Net Productivity (NP): Amount remaining after cellular respiration losses.
Limited Trophic Levels: Due to energy losses between levels.
Energy Transfer Efficiency: Typically only 10% or less is available to the next level.
Food Webs: Show complex trophic relationships.
Ecological Pyramids: Used to represent biomass and energy at different trophic levels.
Biomass Total mass of a living organism or organisms:
Pyramids of energy always decrease up the food chain
Bioaccumulation: Increasing concentration of pollutants in organisms over time.
Biomagnification: Increasing concentration of pollutants along a food chain.
Human impacts on flow of energy and matter: burning fossil fuels, deforestation etc
Biogeochemical Cycles: Ensure elements are available to living organisms.
Carbon Cycle Storages: Organic (organisms, fossil fuels) and inorganic (atmosphere, soils, oceans).
Carbon cycle:
-Photosynthesis: CO2 to glucose -Cellular Respiration: Glucose to CO2
Fossil Fuels: Stores of carbon with unlimited residence times.
Oceans: Acts as a carbon sink
-Agricultural Systems can act as carbon stores (cover crops), sources(drainage of wetland) and sinks (crop rotation)
Reducing Human Impact on Carbon Cycle:
Low-carbon technologies
Reduction in the use of fossil fuels
Carbon Capture through reforestation and artificial sequestration
Weather: Short-term atmospheric conditions.
Climate: Long-term atmospheric patterns.
Biomes: Large ecosystems with similar climatic conditions.
Insolation (light), precipitation and temperature are major influences on the distribution of terrestrial biomes.
Temperature decreases with both increased latitude and altitude.
Abiotic factors influence biome distribution.
P/E ratio= precipitation/ evaporation describes the precipitation to evaporation ratio
Distribution follows by Tricellular Model of Atmospheric Circulation
Tricellular Model consists of Hadley cell, Ferrel cell and Polar Cell
-Disturbance and Succession: An ecosystem's capacity to tolerate disturbances and maintain equilibrium, depends on its diversity and resilience.
The following increases ecosystem resilience: Increased biodiversity, Complex food webs
Zonation: Changes in community along an environmental gradient.

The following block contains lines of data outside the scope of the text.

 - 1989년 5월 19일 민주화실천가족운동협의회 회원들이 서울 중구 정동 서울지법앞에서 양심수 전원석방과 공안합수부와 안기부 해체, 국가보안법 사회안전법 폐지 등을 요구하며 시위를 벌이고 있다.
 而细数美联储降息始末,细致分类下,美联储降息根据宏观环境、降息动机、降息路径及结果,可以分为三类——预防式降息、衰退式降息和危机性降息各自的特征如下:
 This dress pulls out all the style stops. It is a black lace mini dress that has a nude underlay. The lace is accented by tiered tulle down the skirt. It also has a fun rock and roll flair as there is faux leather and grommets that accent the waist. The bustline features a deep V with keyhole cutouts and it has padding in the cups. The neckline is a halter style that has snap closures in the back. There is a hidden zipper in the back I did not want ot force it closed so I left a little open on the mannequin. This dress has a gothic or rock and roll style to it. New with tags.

Succession: Replacement of one community by another over time.
Primary succession begins with no soil while secondary successions happens with previously developed soil.
Tricellular Model and Biome Distribution
The Tricellular Model explains how air circulates on Earth due to convection cells formed by temperature differences. These cells influence the distribution of biomes by creating distinct climate patterns:
Hadley Cell:
Located near the equator (0-30 degrees latitude).

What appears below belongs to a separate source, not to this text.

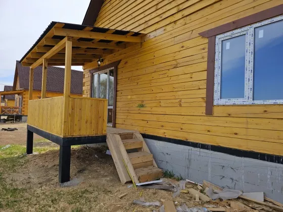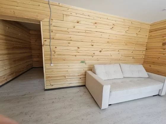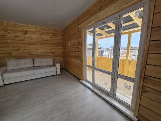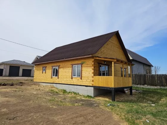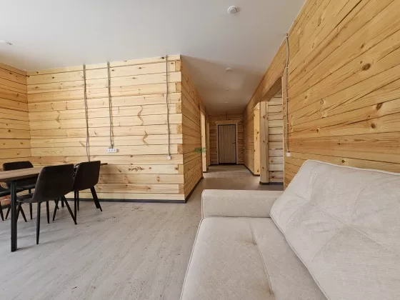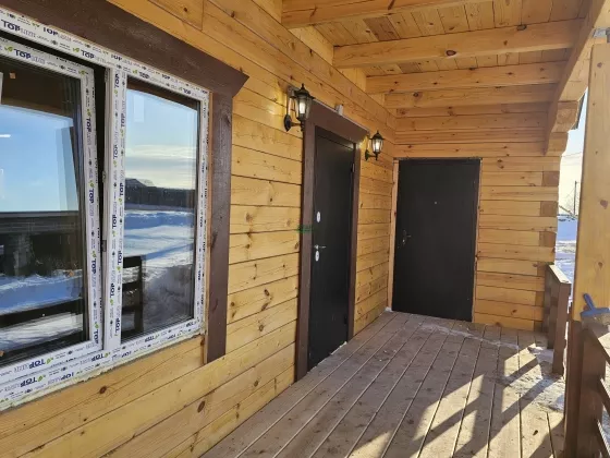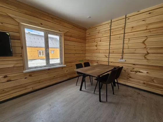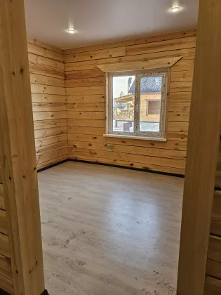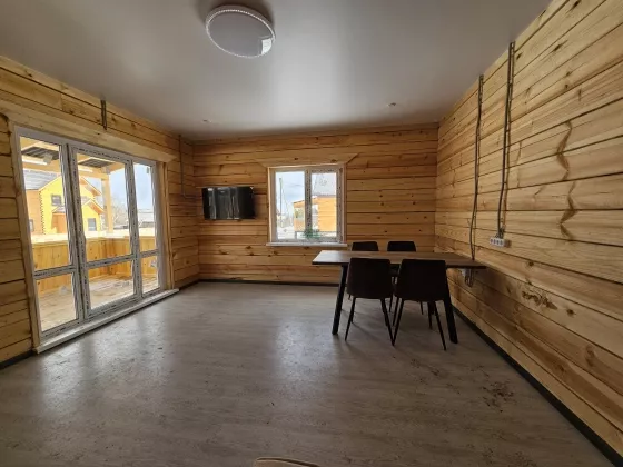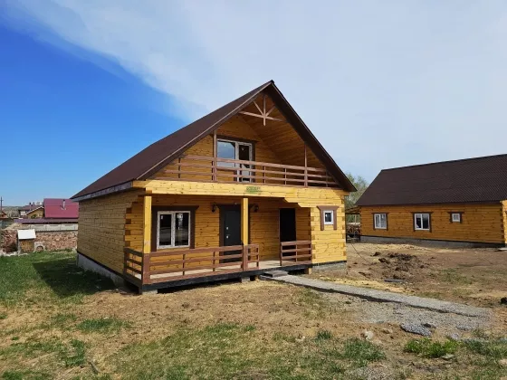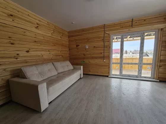 Продается новый двухэтажный деревянный дом площадью 100 кв.м. на земельном участке 6 соток. Размер бруса 180х180мм, 2 террасы, вход в техническую комнату отдельный. Второй этаж мансардный со свободной планировкой и выходом на балкон, что позволяет организовать пространство по своему усмотрению. На первом этаже расположены уютная гостиная с кухней, 3 просторные спальни, совмещенный санузел и зона для организации и установки лестницы на второй этаж. В гостиной имеется выход на небольшую террасу с видом на участок. Напольное покрытие – ламинат, потолки - натяжные.
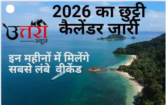 देहरादून: उत्तराखंड में वर्ष 2026 के लिए छुट्टियों की पूरी तस्वीर अब साफ हो गई है। शासन द्वारा जारी कैलेंडर के अनुसार इस साल सार्वजनिक अवकाश, राज्यपाल द्वारा घोषित अवकाश और निर्बंधित अवकाश — तीन अलग-अलग श्रेणियों में छुट्टियां तय की गई हैं। 2026 में छुट्टियों की पूरी लिस्ट देखनें के लिए खबर को नीचे तक पढ़ते रहे।

Warm, moist air rises at the equator, cools, and releases precipitation, creating tropical rainforests.
Dry air descends at around 30 degrees latitude, leading to deserts.
Ferrel Cell:
Located in the mid-latitudes (30-60 degrees latitude).
Influenced by both the Hadley and Polar cells, creating temperate climates.

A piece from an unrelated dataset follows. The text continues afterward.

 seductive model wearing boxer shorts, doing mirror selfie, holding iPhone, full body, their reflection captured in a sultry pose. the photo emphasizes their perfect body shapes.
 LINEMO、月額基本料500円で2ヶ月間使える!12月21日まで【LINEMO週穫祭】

Supports biomes like temperate forests and grasslands.
Polar Cell:
Located near the poles (60-90 degrees latitude).
Cold, dry air descends, creating polar deserts and tundra biomes.
Biome Differences and Key Factors
Tropical Rainforest:
Key Factors: High temperature, high precipitation, high humidity.
Characteristics: High biodiversity, dense vegetation, nutrient-poor soils.
Desert:
Key Factors: Low precipitation, high temperature, high evaporation.
Characteristics: Sparse vegetation, drought-resistant plants, adaptations for water conservation.
Temperate Forest:
Key Factors: Moderate temperature, moderate precipitation, distinct seasons.
Characteristics: Deciduous trees, fertile soils, moderate biodiversity.
Grassland:
Key Factors: Moderate temperature, low to moderate precipitation, seasonal drought.
Characteristics: Dominated by grasses, grazing animals, frequent fires.
Tundra:
Key Factors: Low temperature, low precipitation, short growing season.
Characteristics: Permafrost, low-growing vegetation, cold-adapted animals.